Democracy fails because the power of the majority makes the system unstable, leading to often-violent strife and chaos. And the ability to sway the masses results in the rise of a popular elite, such as Hitler’s rise in Germany. A democracy, then, is the transition of a government to an oligarchy — the rule of an elite, powerful group.
America’s founders took a different path. Before the ratification of the Constitution, Madison wrote, “Complaints are everywhere heard … that the public good is disregarded in the conflicts of rival parties, and that measures are too often decided, not according to the rules of justice and the rights of the minor party, but by the superior force of an interested and overbearing majority.”
Madison was saying that America, under the Articles of Confederation, was too democratic. The answer was the formation of a republic. In a republic, law is the authority. In the American Republic, the Constitution is the supreme law.
Thomas Jefferson said, “The Republic is the only form of government which is not eternally at open or secret war with the rights of mankind.”
The supremacy of the republican system lies in the fact that it is founded on absolute, unchangeable law. The only system of freedom is one in which everyone is equal before absolute law. Built on the foundation of absolute law, a republican government is elected by the people to exercise limited authority beneath the law. Our elected representatives swear to uphold and defend the Constitution against all enemies, foreign and domestic.
The American Republic was designed with many checks and balances to assure that law – not groups – holds the highest power. This is the reason for our several branches of government; why the president can be impeached by the House; why the Supreme Court is under the authority of Congress, since Congress is itself balanced in two chambers and accountable to the people. (Our Congress, however, seems to have forgotten it has higher authority than the Court – the result being activism by unelected judges). This is the reason for the Electoral College, which balances out the power between the States. This is cancelation of power so that law remains supreme.
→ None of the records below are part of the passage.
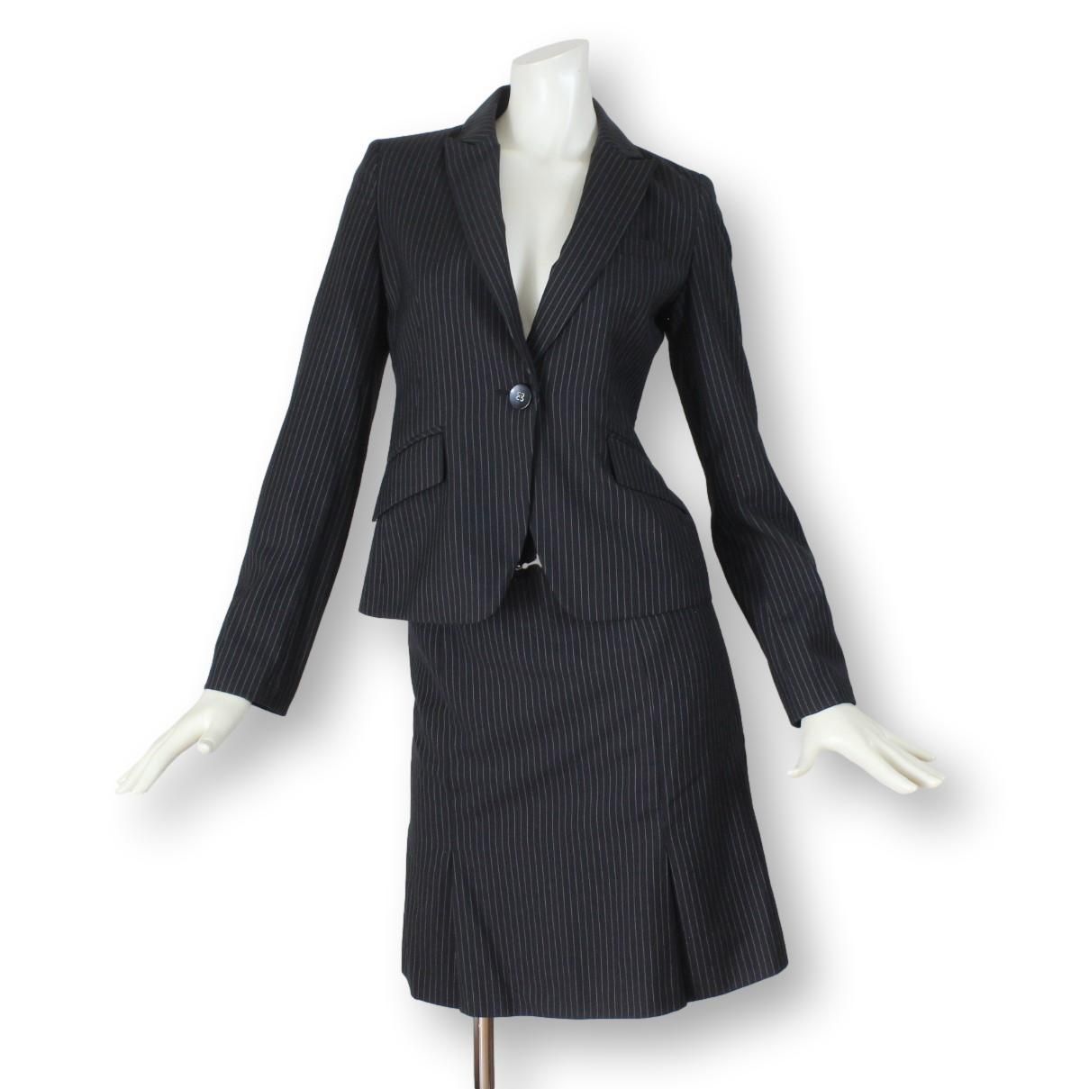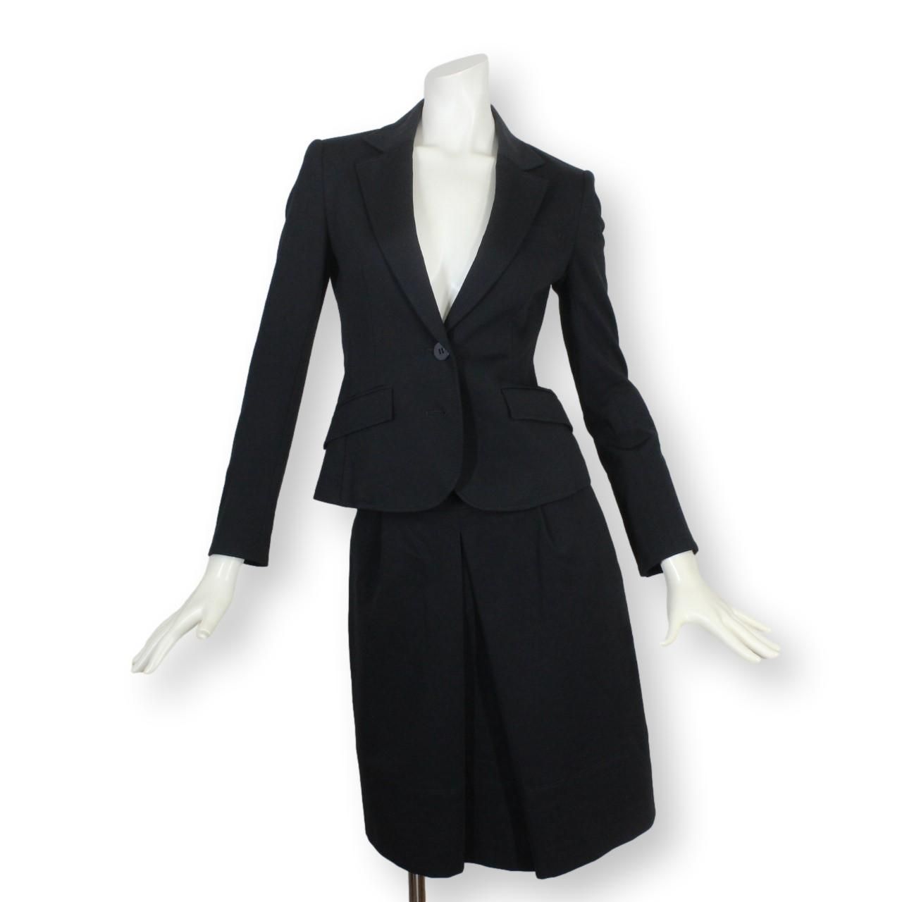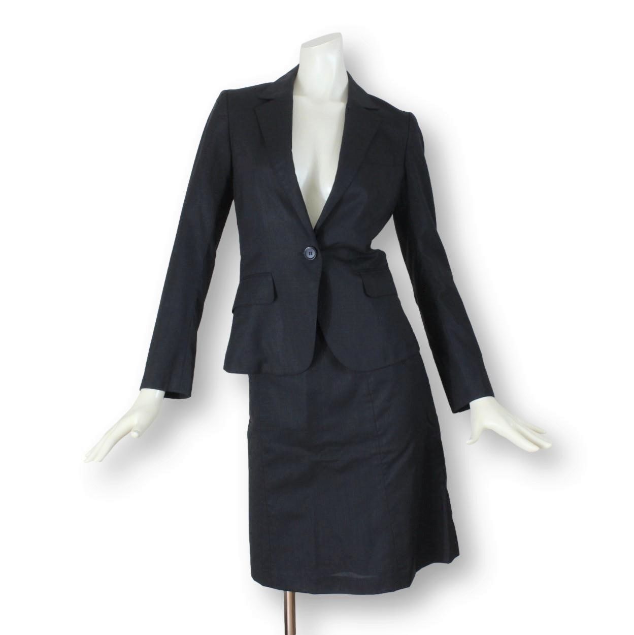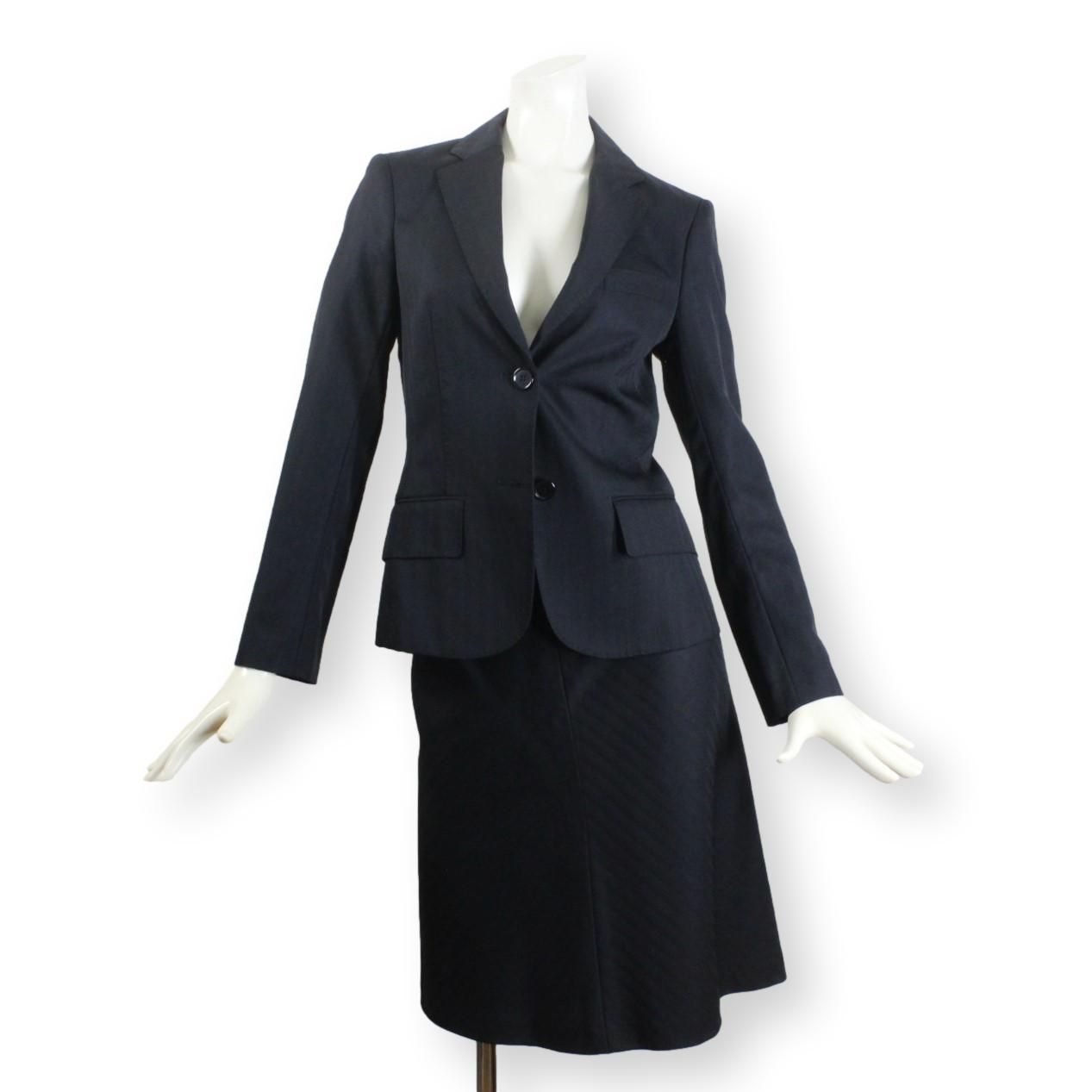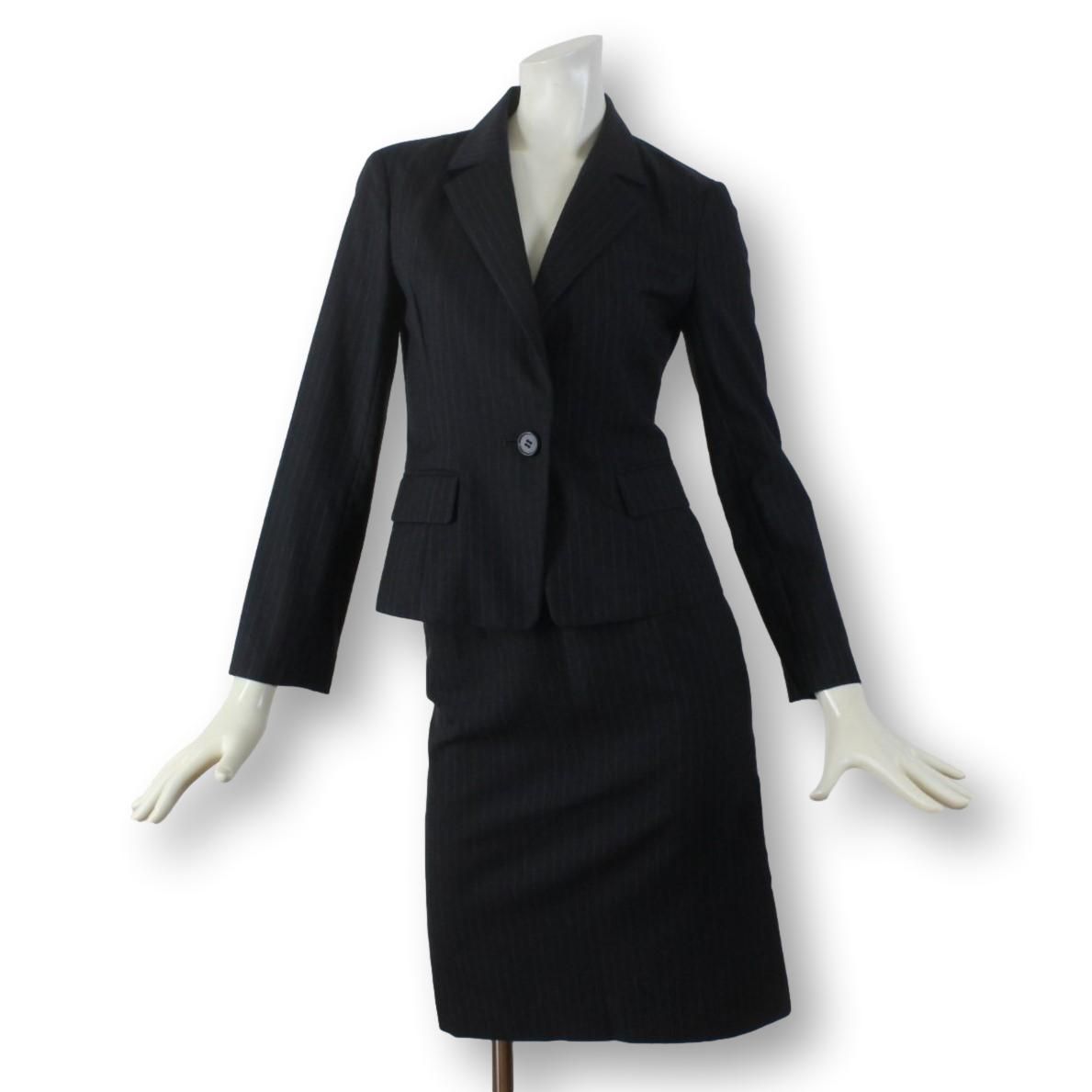 15【美品】ザ スーツカンパニー THE SUIT COMPANY レディース スカートスーツ 38 黒 M イタリア製ウール生地 Lanificio T.G. di Fabio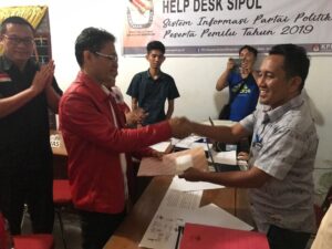 BOLMONG- Dewan Pengurus Cabang (DPC) PDIP Bolmong resmi mendaftar untuk ikut serta dalam Pemilu dan Pilpres 2019 mendatang ke KPUD, Rabu (11/10/2017).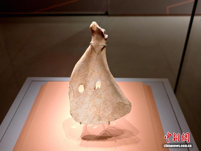 2月10日,“寻找‘最初的中国’——秦晋豫‘十四五’期间中华文明探源考古成果展”开启预展。图为展出的卜骨。 中新社记者阿琳娜摄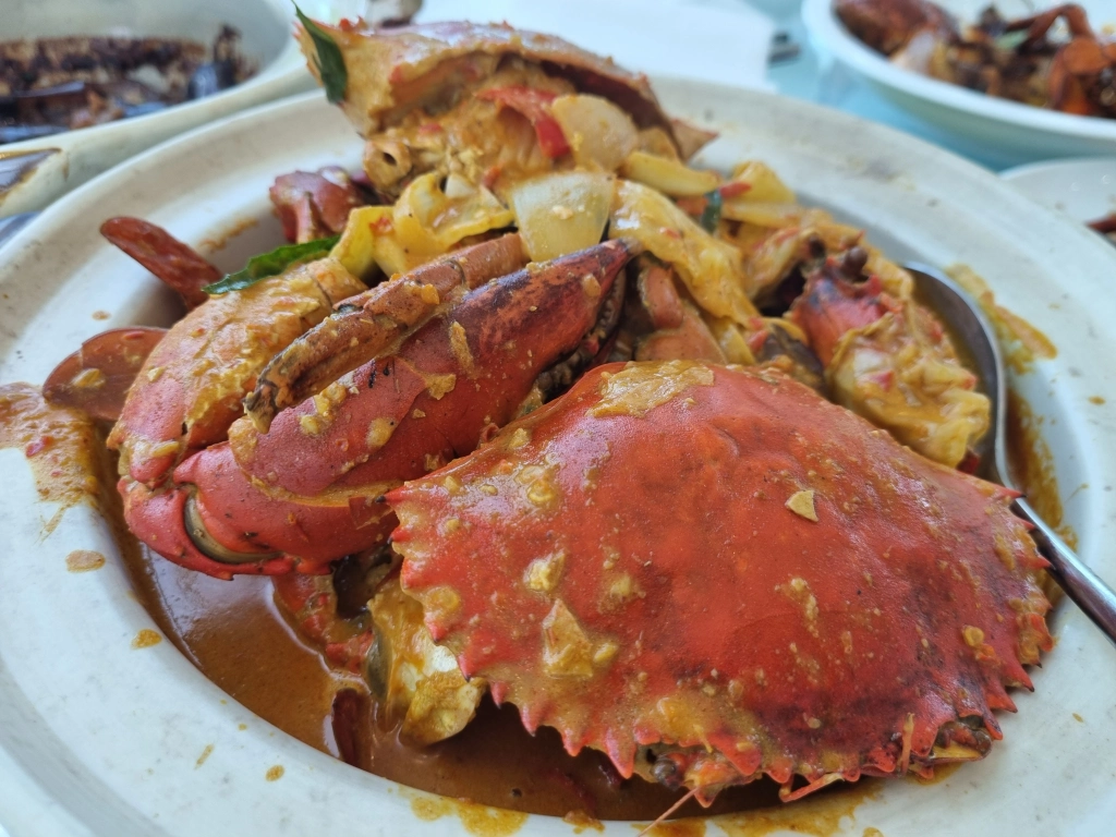 咖喱螃蟹源自咖喱鱼头,以螃蟹取代鱼头,汤汁也搭配了一些蔬菜,如茄子、包菜等,汤汁浓而不腻,蟹肉鲜甜肥美。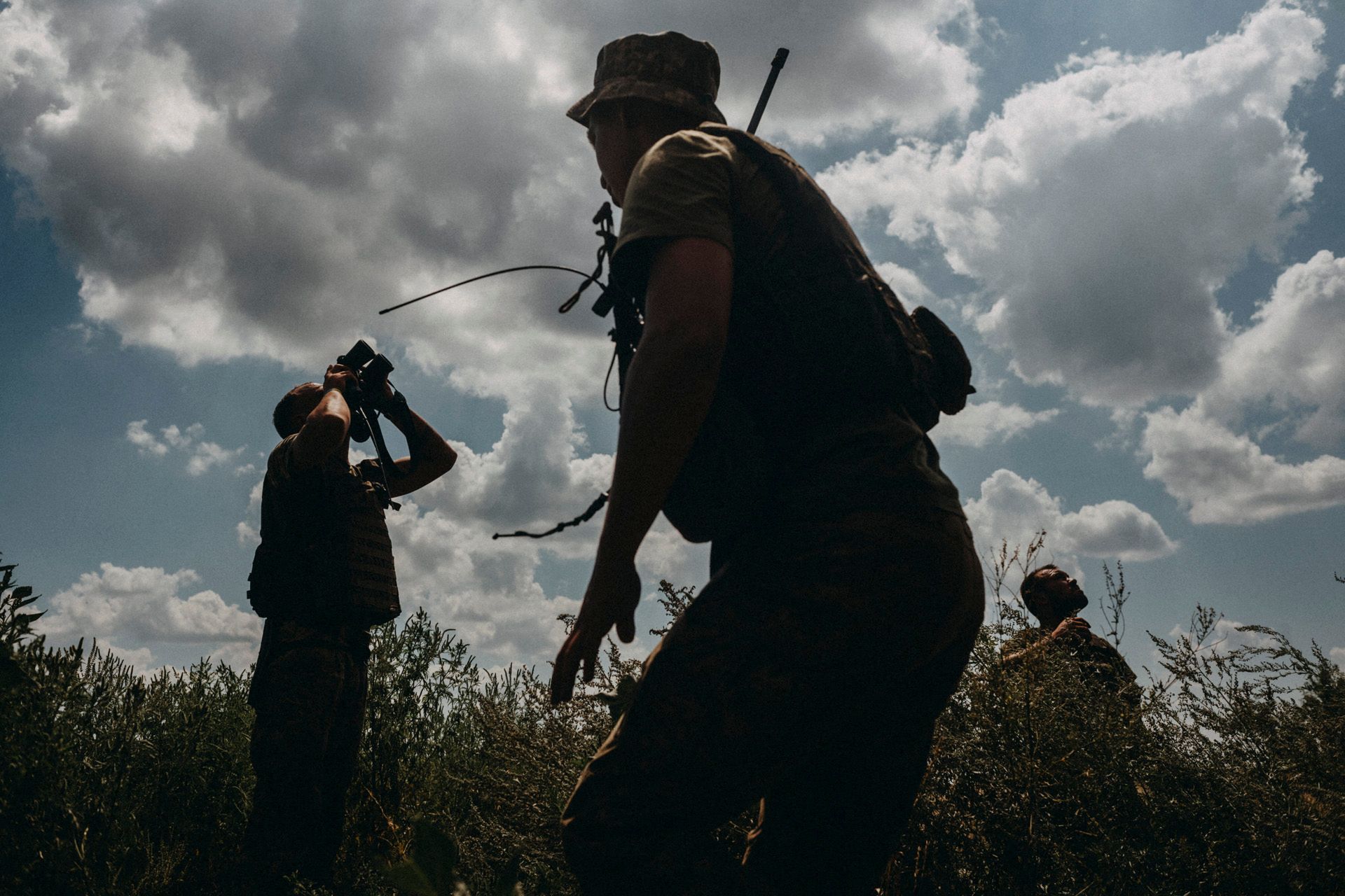 Солдаты ВСУ на наблюдательном пункте ищут в небе дроны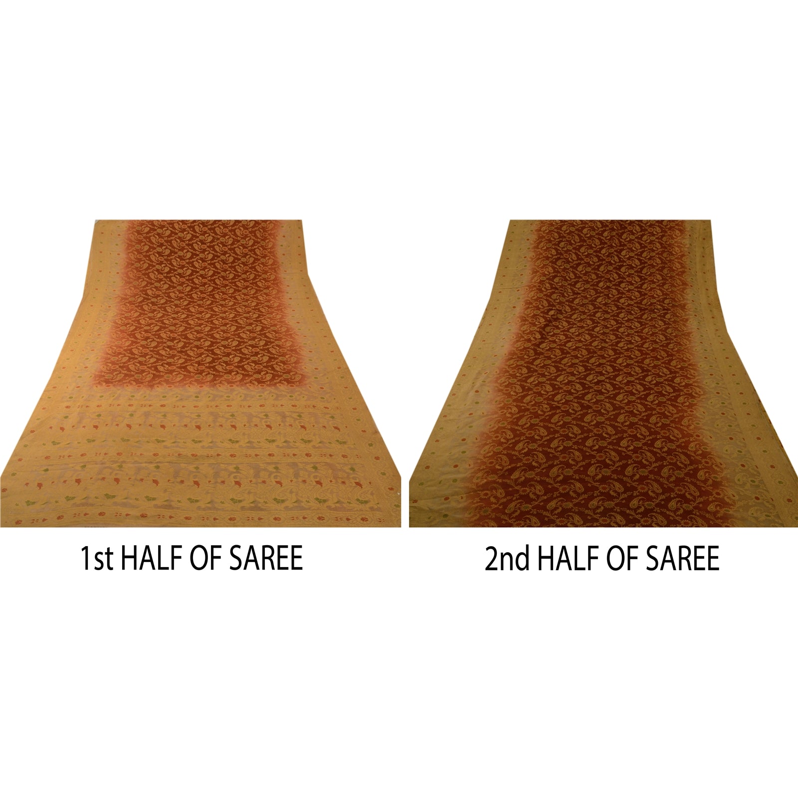 Sanskriti Vintage Sarees 100% Pure Silk Brown Woven Craft 5 Yard Fabric Sari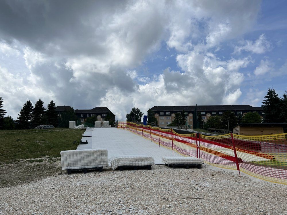 The 4-star Family Hotel Elldus in Oberwiesenthal is already one step ahead of winter. The basis is a 30m long conveyor belt and about 600 m2 of Tubtrax / Slopetrax mats from Skitrax World. Already a hybrid dry ski slope is ready. Next to the conveyor belt, a tubing track with two lanes is operated in summer. The Tubtrax-M2.2 modules have been placed under the mats and the tubing lanes are ready. Next to it, the last mats for the mat ski run are being finished. So that no stones or dirt gets on the mats there, our DSDF (Dry Slope Drain Fleece) was rolled out. Only then the mats are installed on the fleece. This guarantees perfect water drainage.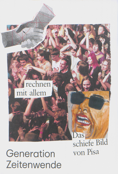 The collage appears with a striking simplicity. There are six separate elements identifiable. Three images and three text elements. The biggest part of the picture and most background element is a rectangular cut image of white teenagers in a crowd setting. Some are raising their hands above their heads clapping. Others are shouting or are looking upon a stage, which is not part of the picture. The image is subtitled with a big two word phrase: “Generation Zeitenwende” - generation turning point. The two remaining text elements are smaller. One is put on top of the dancing crowd: “rechnen mit allem” - reckon with everything and the other “Das schiefe Bild von Pisa” - The skewed image of Pisa is put beneath a watercolor image of a wrinkled face with big black sunglasses. The last visual element is a drawing of two shaking hands in the upper left part of the image.

The American Constitution held the vision and guarantee of freedom for all. Why would our leaders want to convince us that we are a democracy? Because it is possible to sway or to dupe a majority. Tyranny is possible. But it is impossible to change the absolute law of nature and of nature’s God, which is concerned with the life, liberty and well-being of every person. Once the concept of absolute law and rights from God has been eradicated, freedom is gone.
We often hear someone speak of spreading the light of democracy throughout the world. If America is spreading democracy, we are truly sowing more darkness and strife.
Our Constitution is the blueprint and law of a republic. Most importantly, it acknowledges the unchanging God-given rights of mankind. It is truly the light of liberty that can continue to guarantee freedom to future generations – if we give it to them un-destroyed and teach them its worth.
Republic or Democracy? One is the greatest defense of liberty.
The other, a path to inevitable tyranny.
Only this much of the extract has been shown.